Auto brałem w ciemno - z kratką 4 osobowe, powiedziałem że interesuje mnie właśnie wersja z komputerem a nie tym guziczkiem, z drugiej strony co za idiota tak ustawia komputer żeby zmieniać godzinę tylko do przodu i to minuta po minucie... PORAŻKA
Jestem ostro wk...ny bo to już druga rzecz po tej nieszczęsnej homologacji.
Ręce opadają, tania marka to jedno a podejście do klienta drugie.
P.S. na dokumencie o odbiorze auta sprzedawca napisał:
"brak komputera pokładowego do wyjaśnienia", ja kazałem mu dopisać na koniec "i reklamacji". Czyli teraz mają 14 dni na odpowiedź inaczej uznają moją reklamację???
Proszę o odpowiedź bo nie wiem czy to wystarczy czy też muszę coś jeszcze dodatkowo napisać i im wysłać. Pozdrawiam
_________________
Ostatnio zmieniony przez Daemon84 2010-08-10, 11:24, w całości zmieniany 2 razy
Witaj
Nie tylko Ty dostajesz piany :(
Ja czekam nadal na auto (dacia Duster) które miało być w 31 tygodniu i okazuje się że jak dobrze wszystko będzie to dostanę w 33 tygodniu.
Trochę martwi mnie ten fakt, więc jadę go odebrać z rzeczoznawcom. Jeżeli tylko coś znajdzie że jest nie tak żegnaj RP i szybko zainwestuję w 2-3 letnie Audi.
Dziwi mnie podejście do klienta, jego zupełne olewanie, brak rzeczowych i konkretnych informacji od dealera. Przecież to jest jego kasa i wszystko powinno być dopilnowane i dostarczone na czas.
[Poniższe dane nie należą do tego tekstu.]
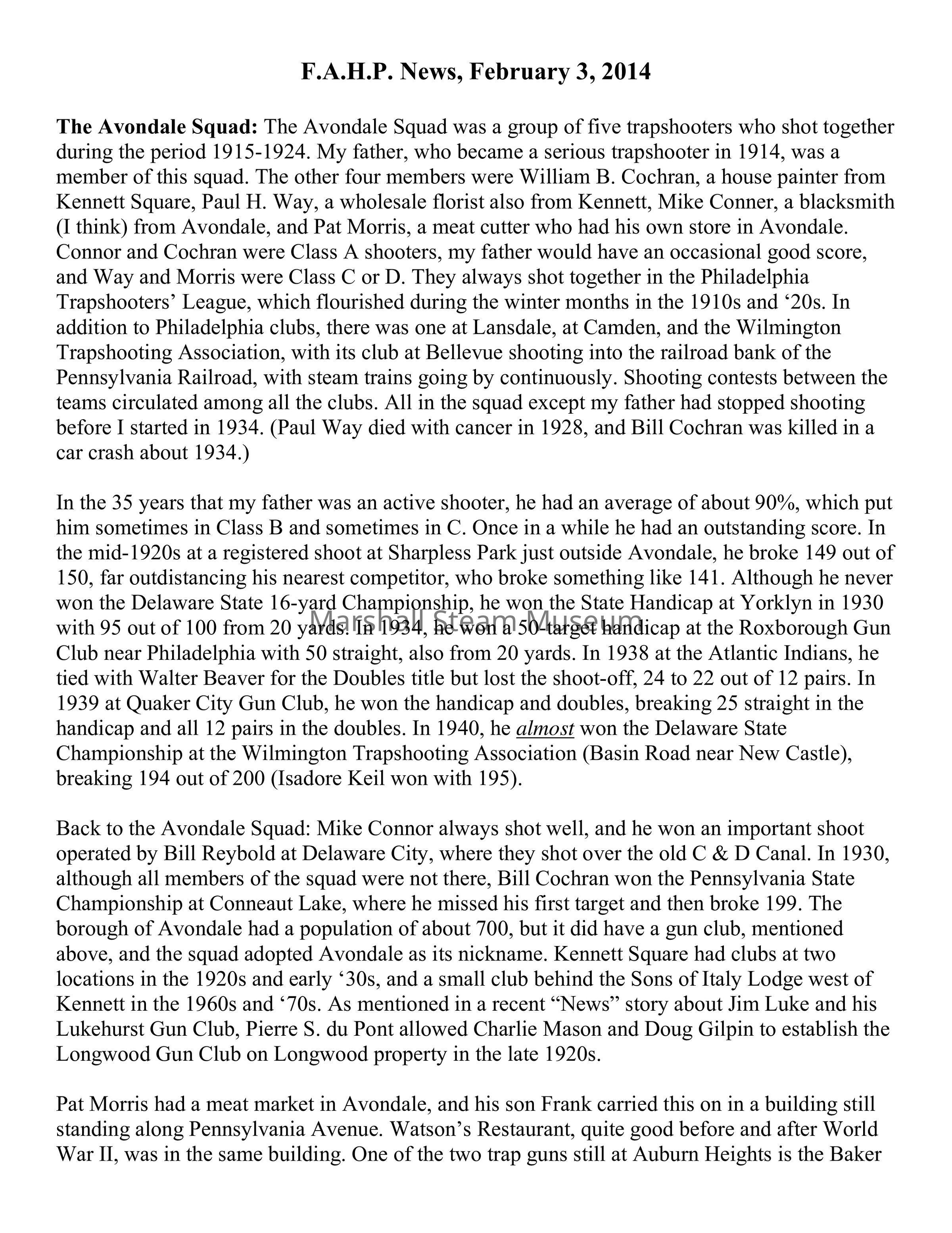 The Avondale Squad: The Avondale Squad was a group of five trapshooters who shot together during the period 1915-1924. My father, who became a serious trapshooter in 1914, was a member of this squad. The other four members were William B. Cochran, a house painter from Kennett Square, Paul H. Way, a wholesale florist also from Kennett, Mike Conner, a blacksmith (I think) from Avondale, and Pat Morris, a meat cutter who had his own store in Avondale. Connor and Cochran were Class A shooters, my father would have an occasional good score, and Way and Morris were Class C or D. They always shot together in the Philadelphia Trapshooters’ League, which flourished during the winter months in the 1910s and ‘20s. In addition to Philadelphia clubs, there was one at Lansdale, at Camden, and the Wilmington Trapshooting Association, with its club at Bellevue shooting into the railroad bank of the Pennsylvania Railroad, with steam trains going by continuously. Shooting contests between the teams circulated among all the clubs. All in the squad except my father had stopped shooting before I started in 1934. (Paul Way died with cancer in 1928, and Bill Cochran was killed in a car crash about 1934.)

Na pewno dzisiaj gdybym miał wybierać jeszcze raz auto to nawet bym nie popatrzył na RP i Dacie.
No cóż ja bym dalej nie ryzykował kilkuletniego Audi i kupiłbym z chęcią Yeti, ASX-a, albo ostatecznie SX4; nawet jeśli trzeba by było troszkę dołożyć. Tamte wersje podstawowe i tak są lepiej wyposażone od "wypasionych" Dusterów. Mam nauczkę na przyszłość, a co do odbioru to oni się sprytnie bronią i odbijają piłeczkę mówiąc że się opóźni, u nas Duster miał być pod koniec lipca, później sierpnia, a teraz mieliśmy wybór - zrezygnować z tapicerki skórzanej i odbiór "MOŻE" pod koniec września lub z tapicerką i odbiór... "hmmm tego nie jesteśmy w stanie określić, prawdopodobnie styczeń/luty 2011" żarty sobie z ludzi robią
Z tymi odsetkami do końca tak nie jest. Wszystko dokładnie opisane jest w warunkach umowy - jedynie co mogę zrobić to przeczepać dokładnie auto i jak wyjdzie jakieś odstępstwo to zrezygnować z odbioru na wskutek niezgodności towaru.
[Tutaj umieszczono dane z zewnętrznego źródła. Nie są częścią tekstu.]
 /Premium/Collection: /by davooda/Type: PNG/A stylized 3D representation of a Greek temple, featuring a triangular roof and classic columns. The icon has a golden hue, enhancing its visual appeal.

Zapewne tak zrobimy. Rzeczoznawca to zaledwie koszt 300zł czyli o,5% auta więc takie pieniądze można wydać aby nie mieć problemu jak kolega ze swoim autkiem - aby wszystko grało w papierach i aby było zgodne z zamówieniem.
Dziwi mnie strasznie polityka RP. Dziwi mnie podejście do klientów którzy zostawiają tam znaczne pieniądze które były zbierane kosztem wyrzeczeń przez kilkanaście miesięcy lub lat(każdy niech dopowie indywidualnie).
Mam tylko nadzieję że jak odbiorę auto (Dacie) to nie będę miał już jej tak dosyć że będę musiał od razu sprzedać.
Może wszystkiemu są winne znakomite wyniki sprzedaży? Autka schodzą błyskawicznie, więc nie czują potrzeby starania się... Dopiero jak się na tym przejadą, znowu zaczną się starać...
Jestem nowy na tym forum, ale czytam Was juz od kwietnia.
Ale mniejsza o to. Zmartwiliscie mnie troche tymi informacjami. Tez mialem odebrac w 31 tygodniu. Malo tego powiedzieli mi ze auto jest juz w warszawie. A dzisiaj bylem podpisac umowe leasingowa i nagle okazuje sie ze ono nie jest jeszcze w warszawie a auto to chyba dopiero pod koniec sierpnia bedzie.
Dodatkowo rowniez mialem telefon w sprawie skorzanej tapiceraki. Otoz jakbym sie na nia nie upral auto mialbym juz z poczatkiem lipca a tak to mi przedluzyli to do sierpnia.
Dodatkowo rowniez mialem telefon w sprawie skorzanej tapiceraki. Otoz jakbym sie na nia nie upral auto mialbym juz z poczatkiem lipca a tak to mi przedluzyli to do sierpnia.
Zostałeś źle poinformowany, tapicerki skórzanej poza katalogiem nikt nie widział i pewnie przez najbliższy rok nie zobaczy. PORAŻKA. Ja daję im dwa tygodnie na rozwiązanie mojej reklamacji a później zobaczę czy wycofuję pieniążki za Dustera czy nie. Jak narazie za homologację a raczej jej brak mam dostać chlapacze do Dustera, a odnośnie komputera pokładowego nie wyobrażam sobie innej opcji niż jego zamontowanie.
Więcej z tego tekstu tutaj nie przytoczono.